TASK OBJECTIVE » The lines below, from the first through the one containing "A sophisticated take", are to be given again exactly, with pictures left out and nothing added.

SOURCE RECORDS »
○ ○ ○
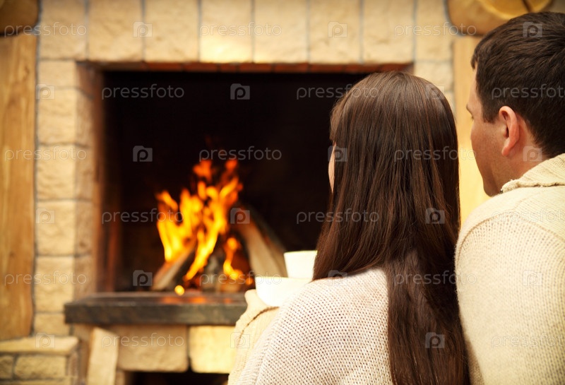 Пара с горячим шоколадом у камина
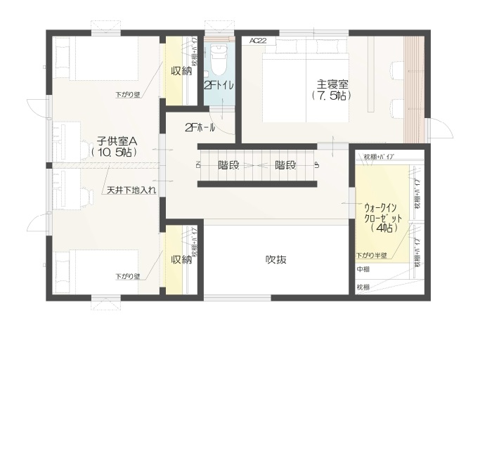 コンパクトで使い勝手の良い間取り事例です。勾配天井や吹抜けの使い方が特徴的な空間になっており、ゆとりと個性があります。
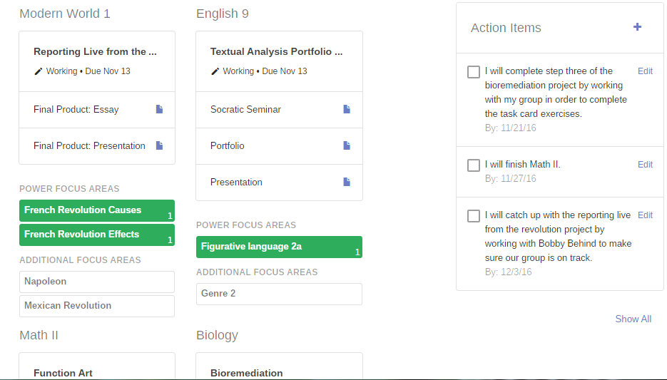 Facebook联手高峰公立学校(Summit Public Schools)开发了一种在线教育工具—PLP(即“个性化学习平台”)。这一软件能将一学年的课程聚合在一起,形成项目视图,而学生可以在日程表上安排自己的学习进度、选择学习材料并参加考试。通过PLP,老师可以评估学生的学习情况,并与学生配合,共同确定新课程计划。
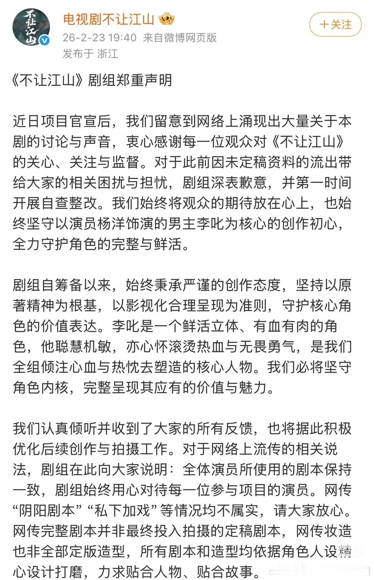 杨洋粉丝抵制厚本进组不让江山!《不让江山》的热搜一波接一波,这部剧官宣的演员阵
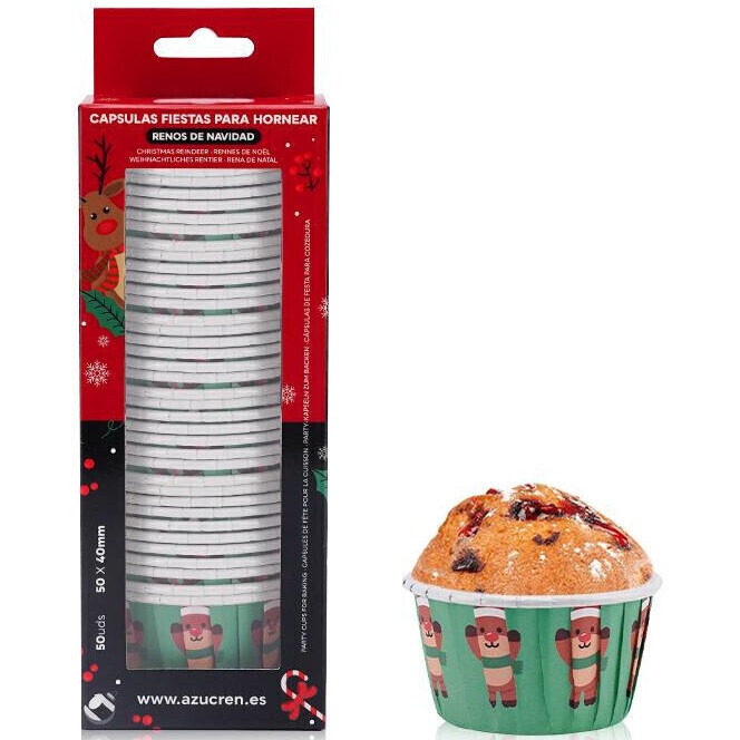 Kerst rendier cupcake capsules van 5 cm - 50 stuks
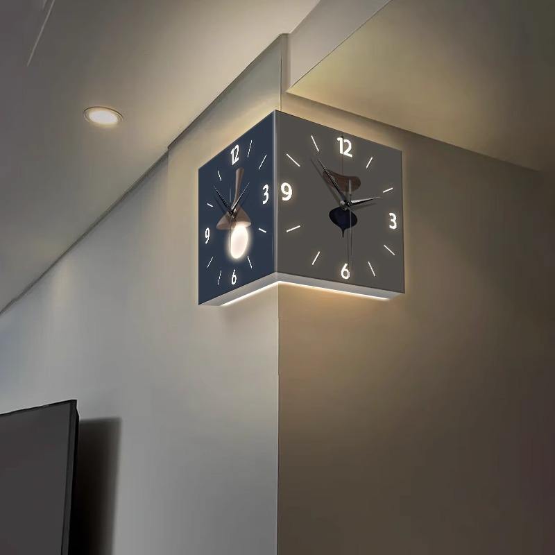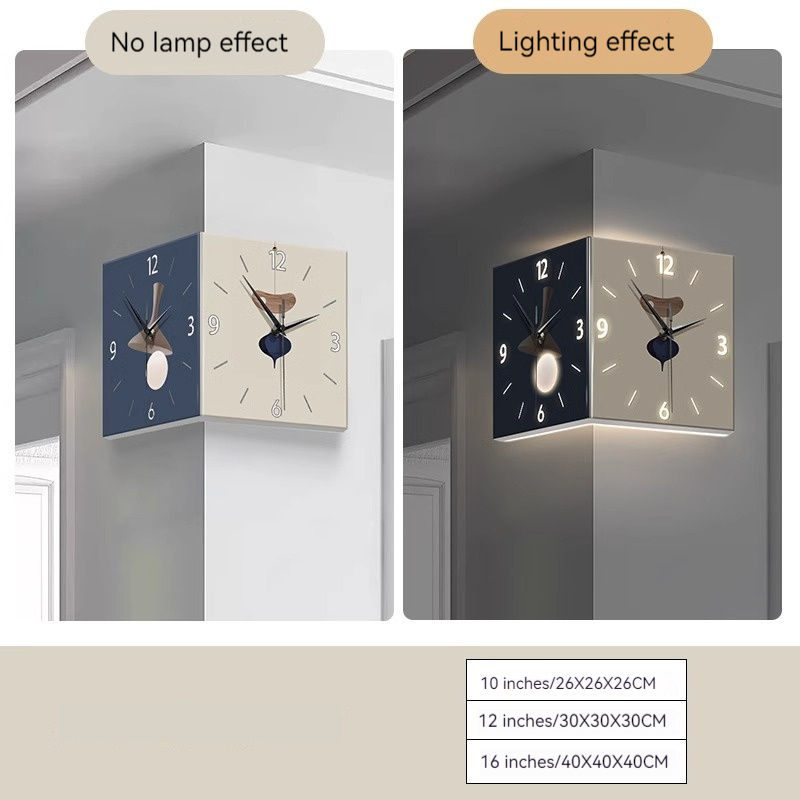 Gran oferta, reloj de pared de esquina luminoso de inducción moderno, decoración cuadrada para sala de estar, reloj de pared Simple de doble cara
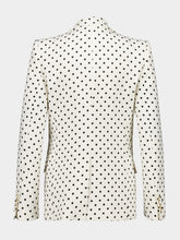 A sophisticated take on classic tailoring, the Birch Supergran Plusdepois Print Jacket is a statement piece enriched with exquisite details. Crafted from Supergran Plusdepois viscose fabric, this single-breasted blazer features an elegant polka-dot pattern, a striking Double Douchesse bow detail, and refined passementerie accents on the inside. Designed for a structured yet feminine silhouette, it boasts a front button closure, side pockets, and a luxurious Crepe de Chine lining adorned with a diagonal stripe V Logo motif. A timeless piece that seamlessly blends modern elegance with vintage charm.
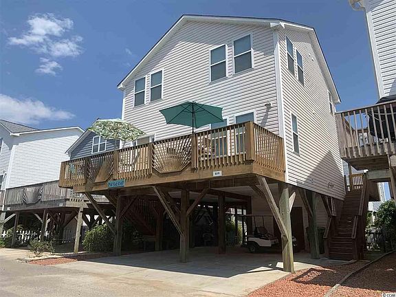 Best Value in Ocean Lakes!! Fantastic Location on Highly Desired, Seahorse Lane! 2nd row, 2-story Raised Beach House with fantastic ocean views located in award winning, ocean front Ocean Lakes. One row back from the beach and situated within walking distance to the pool and waterpark, this 4-bedroom, 3-bathroom home comes complete with all appliances and furnishings and is move in/rental ready. Beautiful open concept home with spectacular, scratch resistance, laminate wood flooring and exquisite concrete countertops. With two large upper decks and 2,400 sq. ft. under roof and over 1,600 heated sq. ft. you're sure to fall in love with this spacious home perfect for large families and entertaining. Imagine lounging in the large shaded patio on the mail level or the large upper deck with a good book and drifting off to sleep to the crashing sounds of the ocean waves. All of this situated in a gated and friendly beachfront neighborhood close to all Myrtle Beach has to offer. Home sleeps 14 comfortably and has excellent rental history. Must honor 2019 rentals. There is no HOA in Ocean Lakes however, the house is located on leased land, which is payed in two semiannual payments in January and July. Amenities abound in Ocean Lakes' gated community and include almost one mile of pristine white sand beach, 24 hour security, trash pick-up, free basic cable, indoor/outdoor swimming pools, water park/slides, lazy river, 2 full size basketball courts, miniature golf, fire pit, shuffle board, horseshoes, ping-pong, Sandy's Down-under skatepark, recreation building, arcade, general store, golf cart rentals, Sandys Meet & Eat restaurant and more! Homeowners and guests receive free admission to all amenities.
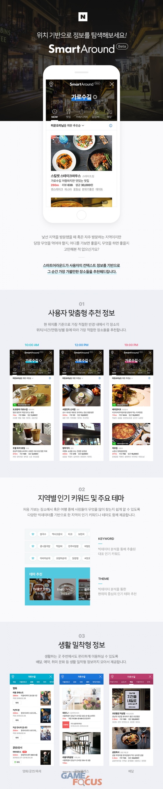 이로써 이용자는 '지역명 + 장소' 패턴의 키워드를 입력하지 않아도 스마트 어라운드를 통해 클릭 한 번으로 현재 위치, 시간대, 성별, 연령 등 컨텍스트(Context Embedded)에 따라 맛집부터 카페, 놀거리, 쇼핑센터 등 다양한 맞춤형 장소 정보를 접할 수 있게 됐다.
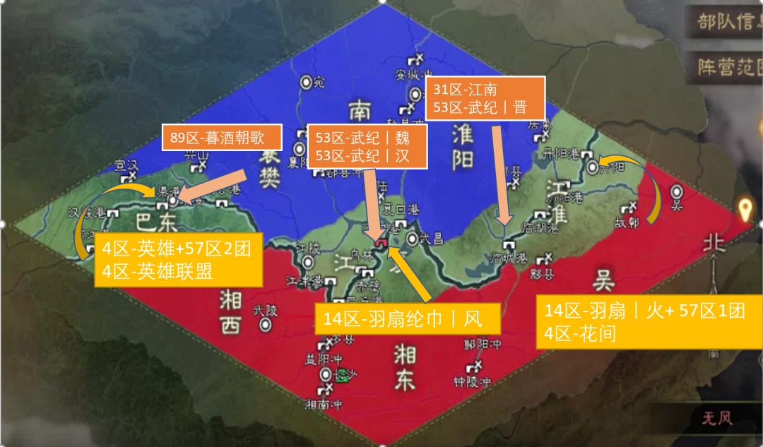 此时我们S5从42区招募的西游团长 橙丨金角大王找到菊花盟主和烨军师,提议由西游团做基础,临时突击对面整个防御链条最弱的一环。为防细作泄密,只在奇袭之前一刻钟内飞鸽通知附近的将士一起冲击,这样即使曹魏探到情报,也无法在短时间及时响应布防。
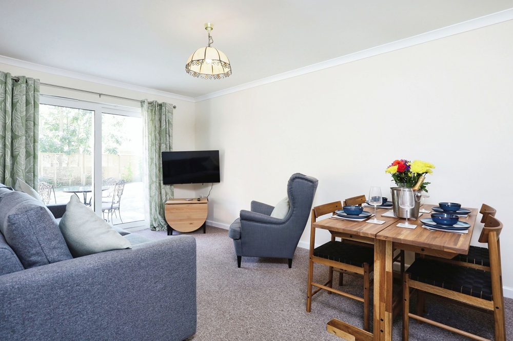 This cottage offers two comfortable bedrooms, one with a double bed and the other with flexible sleeping arrangements that can be configured as either twin beds or a double, making it ideal for families or friends. The fully equipped kitchen includes a dishwasher, electric oven and microwave, electric hob, washing machine and fridge, providing everything you need for a convenient self-catering stay. The bright and welcoming lounge opens through patio doors onto a spacious shared garden, creating a seamless connection between indoor comfort and outdoor relaxation. The large private garden is perfect for socialising, enjoying alfresco meals, or simply unwinding in the fresh sea air. For entertainment, there’s a Smart TV in both the lounge and the master bedroom, ensuring comfort and convenience throughout your stay.
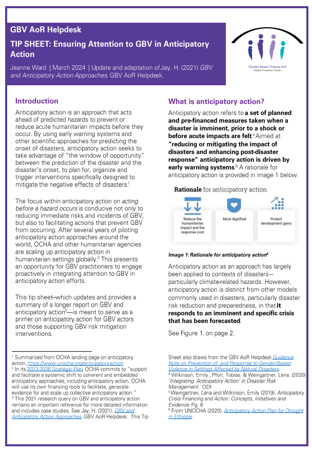 Tip Sheet: Ensuring Attention to GBV in Anticipatory Action
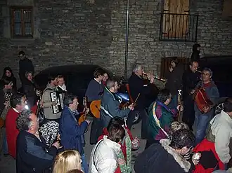 Y con todos ellos, hace sonar la Ronda pasodobles, polkas y mazurcas; las viejas danzas del Pirineo -el Tin-tan, el Cascabillo, los palotiaus...- y otras músicas que desde cualquier lugar del mundo han sabido llegarles al corazón; piezas tradicionales, o de nueva creación; canciones, bailes... y alguna jota. Ronda al estilo de la montaña: ante una puerta se canta, ante otra se baila... y en todas se come, se bebe y se charra con tantos amigos, parientes y vecinos que hoy viven lejos y a los que hacía un año que no se veía.
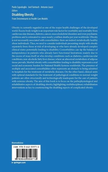 Obesity is currently regarded as one of the major health challenges of the developed world. Excess body weight is an important risk factor for morbidity and mortality from cardiovascular diseases, diabetes, cancer, musculoskeletal disorders and even psychiatric problems and is estimated to cause nearly 3 million deaths per year worldwide. Obesity is not necessarily associated with comorbidities: there are indeed metabolically healthy obese individuals. Thus, we need to consider individuals presenting simple with obesity separately from those at risk of developing or who have already developed complex clinical states potentially leading to disability. Comorbidities can tip the balance of independence in patients who already have functional limitations mainly due to the excess of mass itself or who develop conditions such as diabetes, cardiovascular conditions, non-alcoholic fatty liver disease, where an abnormal metabolism of adipose tissue prevails. Morbid obesity with comorbidities leading to disability represents a real social and economic burden for National Health Systems worldwide. The presence of multiple and associated comorbidities often represents an obstacle to being admitted to hospitals for the treatment of metabolic diseases. On the other hand, clinical units with optimal standards for the treatment of pathological conditions in normal-weight patients are often structurally and technologically inadequate for the care of patients with extreme obesity. The aim of this book is to focus on the pathophysiological and rehabilitative aspects of disabling obesity, highlighting multidisciplinary rehabilitation interventions as key to counteracting the disabling aspects of complicated obesity.
○ ○ ○
RESULT OF THIS EXERCISE »
 Пара с горячим шоколадом у камина
 コンパクトで使い勝手の良い間取り事例です。勾配天井や吹抜けの使い方が特徴的な空間になっており、ゆとりと個性があります。
 Facebook联手高峰公立学校(Summit Public Schools)开发了一种在线教育工具—PLP(即“个性化学习平台”)。这一软件能将一学年的课程聚合在一起,形成项目视图,而学生可以在日程表上安排自己的学习进度、选择学习材料并参加考试。通过PLP,老师可以评估学生的学习情况,并与学生配合,共同确定新课程计划。
 杨洋粉丝抵制厚本进组不让江山!《不让江山》的热搜一波接一波,这部剧官宣的演员阵
 Kerst rendier cupcake capsules van 5 cm - 50 stuks
 Gran oferta, reloj de pared de esquina luminoso de inducción moderno, decoración cuadrada para sala de estar, reloj de pared Simple de doble cara
 A sophisticated take on classic tailoring, the Birch Supergran Plusdepois Print Jacket is a statement piece enriched with exquisite details. Crafted from Supergran Plusdepois viscose fabric, this single-breasted blazer features an elegant polka-dot pattern, a striking Double Douchesse bow detail, and refined passementerie accents on the inside. Designed for a structured yet feminine silhouette, it boasts a front button closure, side pockets, and a luxurious Crepe de Chine lining adorned with a diagonal stripe V Logo motif. A timeless piece that seamlessly blends modern elegance with vintage charm.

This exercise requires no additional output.